→ Problem description
Go to the line holding "Black segments are" in the data below and repeat it exactly, then each line after it up to and including the one holding "CH4与CO2的选择性相加为". Omit pictures.

→ Data for processing

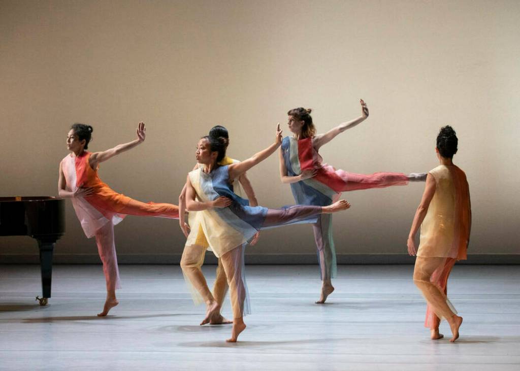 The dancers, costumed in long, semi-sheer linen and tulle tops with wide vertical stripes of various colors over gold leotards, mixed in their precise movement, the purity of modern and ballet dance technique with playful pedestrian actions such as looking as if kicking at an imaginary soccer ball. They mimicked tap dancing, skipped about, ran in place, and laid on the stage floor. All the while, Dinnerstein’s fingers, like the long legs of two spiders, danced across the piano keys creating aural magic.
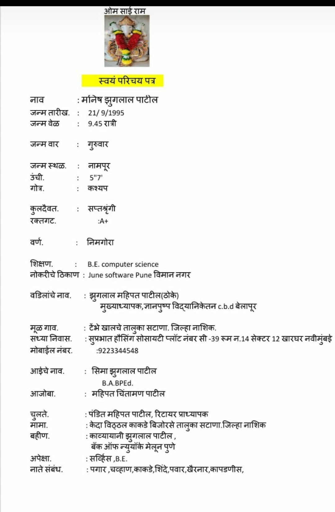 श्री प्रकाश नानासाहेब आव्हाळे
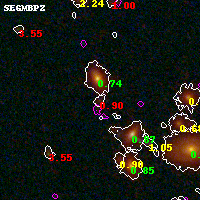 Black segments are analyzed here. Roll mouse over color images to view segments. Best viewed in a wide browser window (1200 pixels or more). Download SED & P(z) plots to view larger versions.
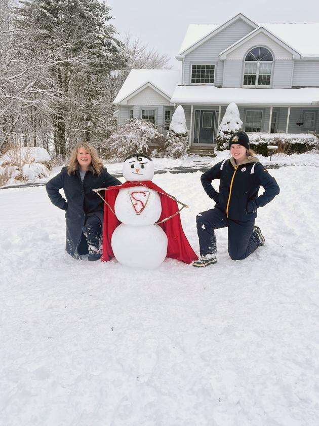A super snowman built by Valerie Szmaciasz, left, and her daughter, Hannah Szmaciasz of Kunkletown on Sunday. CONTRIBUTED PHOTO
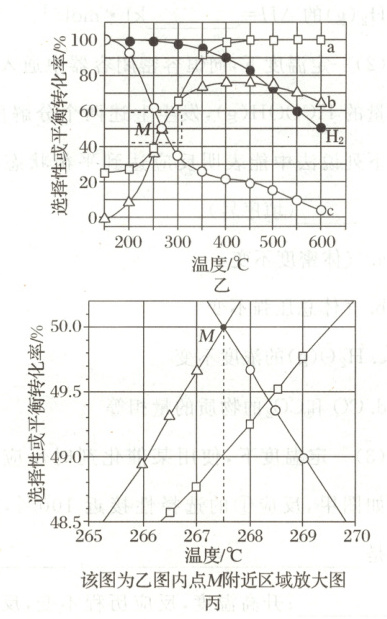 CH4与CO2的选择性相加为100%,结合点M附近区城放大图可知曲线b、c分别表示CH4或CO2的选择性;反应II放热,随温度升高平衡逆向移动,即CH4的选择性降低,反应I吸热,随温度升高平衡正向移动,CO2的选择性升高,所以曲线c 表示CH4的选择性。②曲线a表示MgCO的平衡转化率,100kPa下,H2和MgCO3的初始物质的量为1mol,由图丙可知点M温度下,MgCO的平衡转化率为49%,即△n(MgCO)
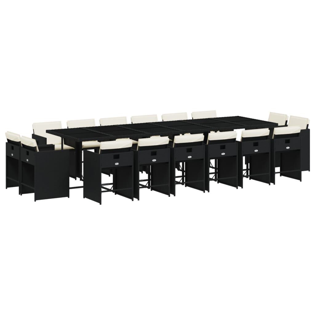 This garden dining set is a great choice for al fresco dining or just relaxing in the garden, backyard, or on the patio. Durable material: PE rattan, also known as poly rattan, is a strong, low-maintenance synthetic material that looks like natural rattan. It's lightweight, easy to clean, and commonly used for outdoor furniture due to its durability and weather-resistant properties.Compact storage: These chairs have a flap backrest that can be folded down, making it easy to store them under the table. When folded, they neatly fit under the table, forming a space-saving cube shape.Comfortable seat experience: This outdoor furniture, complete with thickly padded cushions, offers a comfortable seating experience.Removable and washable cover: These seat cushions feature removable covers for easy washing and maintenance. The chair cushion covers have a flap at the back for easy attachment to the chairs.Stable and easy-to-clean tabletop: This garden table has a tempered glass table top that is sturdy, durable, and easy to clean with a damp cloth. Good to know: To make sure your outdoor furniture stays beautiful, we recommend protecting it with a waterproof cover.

...

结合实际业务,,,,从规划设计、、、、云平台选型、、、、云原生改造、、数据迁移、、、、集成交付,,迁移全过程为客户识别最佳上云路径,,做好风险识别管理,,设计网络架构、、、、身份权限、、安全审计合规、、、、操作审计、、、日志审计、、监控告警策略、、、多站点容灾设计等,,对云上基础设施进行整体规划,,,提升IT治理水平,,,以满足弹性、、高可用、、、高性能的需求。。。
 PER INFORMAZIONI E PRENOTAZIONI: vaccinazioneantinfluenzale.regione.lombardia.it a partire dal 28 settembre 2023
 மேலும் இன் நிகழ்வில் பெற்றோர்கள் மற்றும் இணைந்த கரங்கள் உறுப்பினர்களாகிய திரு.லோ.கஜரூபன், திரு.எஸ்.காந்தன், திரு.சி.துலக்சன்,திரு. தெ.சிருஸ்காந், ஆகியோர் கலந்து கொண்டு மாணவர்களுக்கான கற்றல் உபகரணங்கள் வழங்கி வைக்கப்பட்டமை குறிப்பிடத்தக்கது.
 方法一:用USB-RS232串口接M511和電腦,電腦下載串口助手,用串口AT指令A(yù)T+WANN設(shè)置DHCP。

* * *

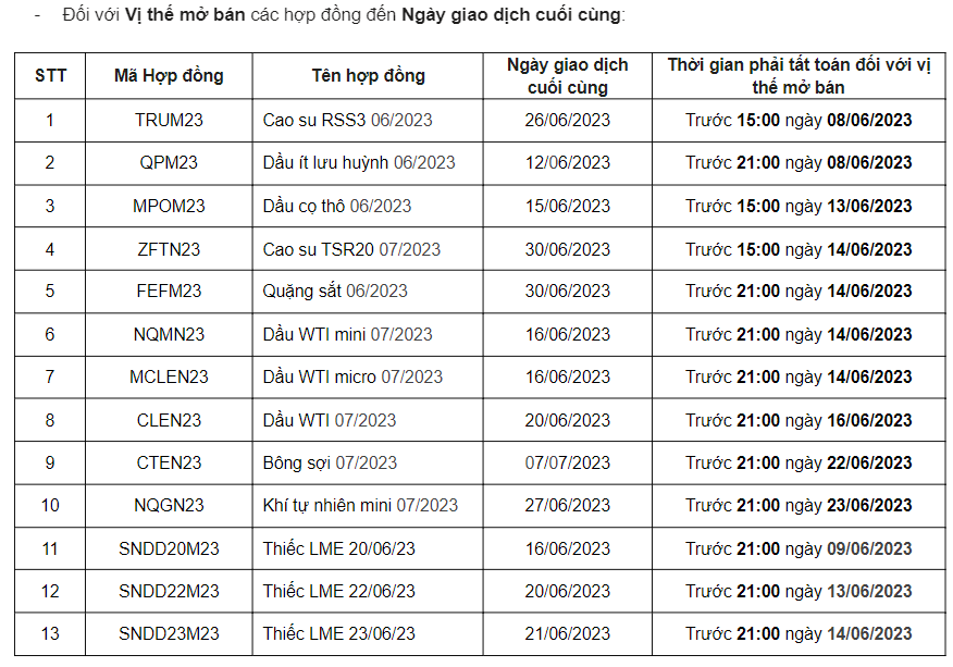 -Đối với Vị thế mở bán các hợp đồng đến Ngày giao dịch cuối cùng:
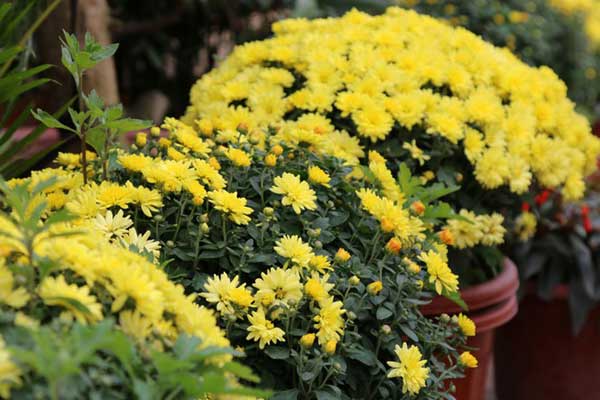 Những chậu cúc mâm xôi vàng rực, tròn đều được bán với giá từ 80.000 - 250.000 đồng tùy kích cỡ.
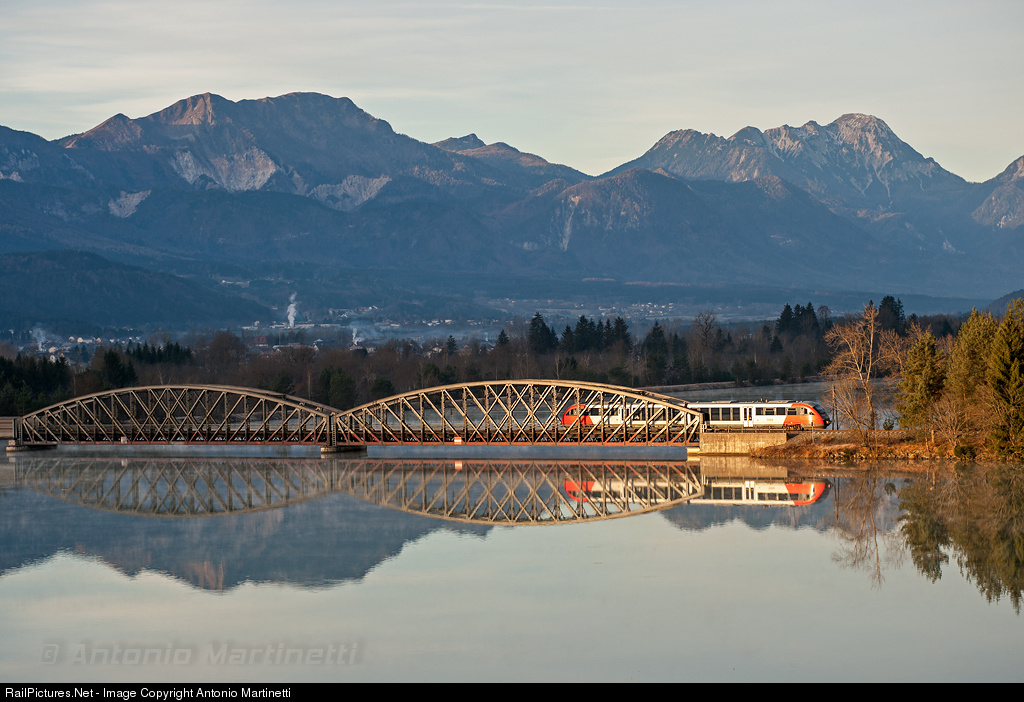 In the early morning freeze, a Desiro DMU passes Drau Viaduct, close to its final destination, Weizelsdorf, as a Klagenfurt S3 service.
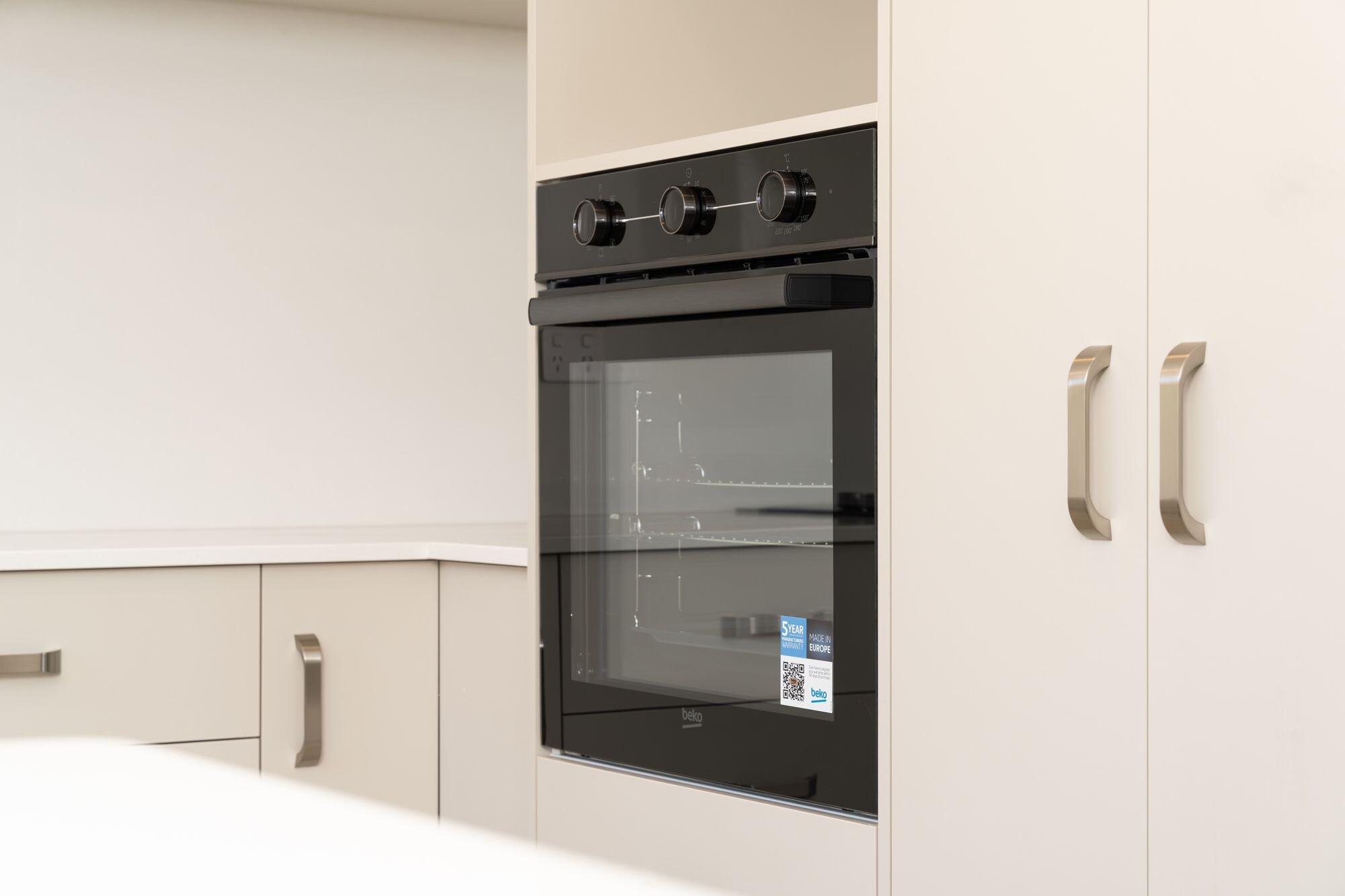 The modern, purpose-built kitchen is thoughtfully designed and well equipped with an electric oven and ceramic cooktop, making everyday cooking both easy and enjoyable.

→ Exercise output
 Black segments are analyzed here. Roll mouse over color images to view segments. Best viewed in a wide browser window (1200 pixels or more). Download SED & P(z) plots to view larger versions.
A super snowman built by Valerie Szmaciasz, left, and her daughter, Hannah Szmaciasz of Kunkletown on Sunday. CONTRIBUTED PHOTO
 CH4与CO2的选择性相加为100%,结合点M附近区城放大图可知曲线b、c分别表示CH4或CO2的选择性;反应II放热,随温度升高平衡逆向移动,即CH4的选择性降低,反应I吸热,随温度升高平衡正向移动,CO2的选择性升高,所以曲线c 表示CH4的选择性。②曲线a表示MgCO的平衡转化率,100kPa下,H2和MgCO3的初始物质的量为1mol,由图丙可知点M温度下,MgCO的平衡转化率为49%,即△n(MgCO)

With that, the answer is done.